Set down again exactly the lines of the listing below that fall between the line holding "Il presule nolano, accompagnato" and the line holding "If you are learning", inclusive.

====

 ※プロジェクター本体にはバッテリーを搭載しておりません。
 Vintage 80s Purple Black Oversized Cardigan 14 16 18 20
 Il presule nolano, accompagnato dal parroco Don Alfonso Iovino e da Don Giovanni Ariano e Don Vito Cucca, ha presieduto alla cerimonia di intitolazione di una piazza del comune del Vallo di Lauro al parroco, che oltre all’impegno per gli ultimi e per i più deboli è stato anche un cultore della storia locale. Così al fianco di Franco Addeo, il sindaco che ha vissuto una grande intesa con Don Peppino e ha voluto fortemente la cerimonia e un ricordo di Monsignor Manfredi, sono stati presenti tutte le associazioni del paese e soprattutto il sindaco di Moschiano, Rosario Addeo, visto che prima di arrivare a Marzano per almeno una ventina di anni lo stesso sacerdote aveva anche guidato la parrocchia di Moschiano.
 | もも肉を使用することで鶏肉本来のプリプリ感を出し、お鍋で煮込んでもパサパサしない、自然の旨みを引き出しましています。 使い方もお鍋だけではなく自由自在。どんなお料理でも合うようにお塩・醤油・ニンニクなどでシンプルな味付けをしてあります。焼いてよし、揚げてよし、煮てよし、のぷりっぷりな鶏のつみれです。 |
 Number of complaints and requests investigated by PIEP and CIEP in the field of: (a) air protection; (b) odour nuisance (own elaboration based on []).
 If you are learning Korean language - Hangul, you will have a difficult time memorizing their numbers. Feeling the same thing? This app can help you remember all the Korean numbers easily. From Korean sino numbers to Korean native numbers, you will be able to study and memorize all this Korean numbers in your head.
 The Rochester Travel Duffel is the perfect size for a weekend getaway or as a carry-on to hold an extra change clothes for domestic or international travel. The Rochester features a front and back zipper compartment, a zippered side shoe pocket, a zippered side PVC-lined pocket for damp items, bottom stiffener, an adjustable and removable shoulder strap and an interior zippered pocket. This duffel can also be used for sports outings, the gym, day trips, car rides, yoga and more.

====

Your response.
 Il presule nolano, accompagnato dal parroco Don Alfonso Iovino e da Don Giovanni Ariano e Don Vito Cucca, ha presieduto alla cerimonia di intitolazione di una piazza del comune del Vallo di Lauro al parroco, che oltre all’impegno per gli ultimi e per i più deboli è stato anche un cultore della storia locale. Così al fianco di Franco Addeo, il sindaco che ha vissuto una grande intesa con Don Peppino e ha voluto fortemente la cerimonia e un ricordo di Monsignor Manfredi, sono stati presenti tutte le associazioni del paese e soprattutto il sindaco di Moschiano, Rosario Addeo, visto che prima di arrivare a Marzano per almeno una ventina di anni lo stesso sacerdote aveva anche guidato la parrocchia di Moschiano.
 | もも肉を使用することで鶏肉本来のプリプリ感を出し、お鍋で煮込んでもパサパサしない、自然の旨みを引き出しましています。 使い方もお鍋だけではなく自由自在。どんなお料理でも合うようにお塩・醤油・ニンニクなどでシンプルな味付けをしてあります。焼いてよし、揚げてよし、煮てよし、のぷりっぷりな鶏のつみれです。 |
 Number of complaints and requests investigated by PIEP and CIEP in the field of: (a) air protection; (b) odour nuisance (own elaboration based on []).
 If you are learning Korean language - Hangul, you will have a difficult time memorizing their numbers. Feeling the same thing? This app can help you remember all the Korean numbers easily. From Korean sino numbers to Korean native numbers, you will be able to study and memorize all this Korean numbers in your head.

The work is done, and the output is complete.